Rachel Carson: the fight against pesticides and for living things

Biologist and environmental activist Rachel Carson’s biography discusses her commitment to certain pesticides produced by the chemical industry.

The growing questions about the ecological crisis have rekindled the interest of all the precursors, scientists or activists who in the past have contributed to documenting the upheavals observed at different levels of nature and even warning about the risks. In this search for quasi-heroic references – often masculine – the young Calype publications propose to rehabilitate the witness, the figure of the biologist and activist Rachel Carson (1907-1964) in their collection “Destinies”. in the era of destruction of the living.

Scientific trajectory

While Rachel Carson’s works are bestsellers in the United States, she is relatively little known in France (even if some schools bear her name, such as in Saint-Denis), and her works are rarely cited (for example: her film Marie-Monique Robin, The world according to Monsantoreleased in 2009).

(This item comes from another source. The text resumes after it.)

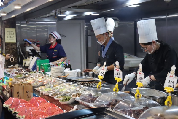 餐厅早已备好热乎的饭菜:海鲜鲜香,热菜暖心,水果清爽,每一口都是“舌尖上的满足”。
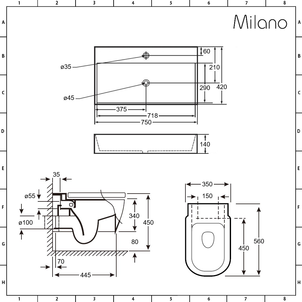 - Toilet Dimensions: W 350mm x D 560mm x H 340mm

However, he is a pioneer in world ecology, who made a name for himself with his research on the harmfulness and toxicity of some products found in nature. In this regard, he makes a definite thesis: For the first time in the history of the world, people live in contact with toxic products from conception to death. “.

In this book, philosopher and essayist Thierry Paquot, an expert on urban planning issues, paints a portrait of Rachel Carson. He recounts their journey and scientific discoveries, avoiding the teleological narrative that often frames biographical writing.

Rachel Carson faced many obstacles throughout her life, starting from her formative years. After several failed attempts, he chose to pursue a scientific career, more specifically in marine biology. It is a fine choice in the first half of the 20th centurye century, because this kind of work is not valuable for women. She eventually taught at the University of Maryland before becoming the second female assistant marine biologist hired by the Department of Agriculture’s Bureau of Fisheries.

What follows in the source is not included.